Transcribe exactly everything in the data below from the line containing "9月30日(火)に前期にリー" down to the line containing "Pullover sweater, crew", both lines included and nothing further.

* _STUDY MATERIAL_:
________

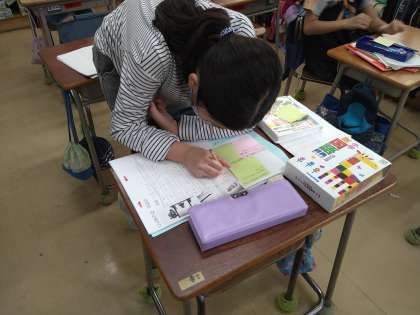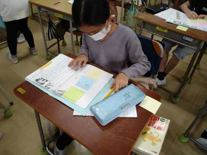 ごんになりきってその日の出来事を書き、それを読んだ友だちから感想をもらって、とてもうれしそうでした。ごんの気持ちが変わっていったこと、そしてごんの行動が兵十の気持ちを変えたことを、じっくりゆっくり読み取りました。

________

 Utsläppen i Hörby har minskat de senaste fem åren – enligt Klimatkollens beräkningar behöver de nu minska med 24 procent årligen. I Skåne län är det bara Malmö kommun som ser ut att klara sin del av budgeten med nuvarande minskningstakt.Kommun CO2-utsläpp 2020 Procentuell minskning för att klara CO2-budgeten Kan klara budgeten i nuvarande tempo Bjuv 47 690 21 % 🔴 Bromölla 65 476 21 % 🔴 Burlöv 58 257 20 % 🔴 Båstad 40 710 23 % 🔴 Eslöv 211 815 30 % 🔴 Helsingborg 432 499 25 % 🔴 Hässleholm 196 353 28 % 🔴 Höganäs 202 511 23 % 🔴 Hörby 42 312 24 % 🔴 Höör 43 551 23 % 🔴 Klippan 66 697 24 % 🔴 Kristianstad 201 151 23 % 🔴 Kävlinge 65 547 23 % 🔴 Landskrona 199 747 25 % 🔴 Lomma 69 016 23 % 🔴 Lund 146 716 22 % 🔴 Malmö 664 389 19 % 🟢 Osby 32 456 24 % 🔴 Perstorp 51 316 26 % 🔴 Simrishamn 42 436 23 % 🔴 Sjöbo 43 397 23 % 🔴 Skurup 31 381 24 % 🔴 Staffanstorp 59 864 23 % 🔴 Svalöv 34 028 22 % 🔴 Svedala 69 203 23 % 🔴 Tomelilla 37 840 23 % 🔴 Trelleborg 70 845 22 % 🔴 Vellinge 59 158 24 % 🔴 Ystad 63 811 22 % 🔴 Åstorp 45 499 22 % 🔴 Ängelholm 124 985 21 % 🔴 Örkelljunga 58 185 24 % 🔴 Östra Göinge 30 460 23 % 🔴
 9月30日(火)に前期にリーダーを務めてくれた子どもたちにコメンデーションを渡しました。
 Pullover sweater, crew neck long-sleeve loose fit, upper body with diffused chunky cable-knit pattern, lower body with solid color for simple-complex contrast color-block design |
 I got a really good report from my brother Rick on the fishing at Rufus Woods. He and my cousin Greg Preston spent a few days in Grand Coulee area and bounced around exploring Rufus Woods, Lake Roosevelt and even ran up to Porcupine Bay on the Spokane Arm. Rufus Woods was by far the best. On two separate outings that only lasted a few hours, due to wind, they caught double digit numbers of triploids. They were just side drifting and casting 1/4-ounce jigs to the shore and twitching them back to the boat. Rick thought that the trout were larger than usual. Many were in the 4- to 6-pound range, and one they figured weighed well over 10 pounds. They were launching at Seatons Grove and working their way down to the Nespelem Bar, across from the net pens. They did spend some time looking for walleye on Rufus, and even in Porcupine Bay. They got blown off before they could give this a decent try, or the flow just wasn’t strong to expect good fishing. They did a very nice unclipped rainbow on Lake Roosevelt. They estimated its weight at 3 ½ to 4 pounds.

________

* _EXERCISE ANSWER_:
 9月30日(火)に前期にリーダーを務めてくれた子どもたちにコメンデーションを渡しました。
 Pullover sweater, crew neck long-sleeve loose fit, upper body with diffused chunky cable-knit pattern, lower body with solid color for simple-complex contrast color-block design |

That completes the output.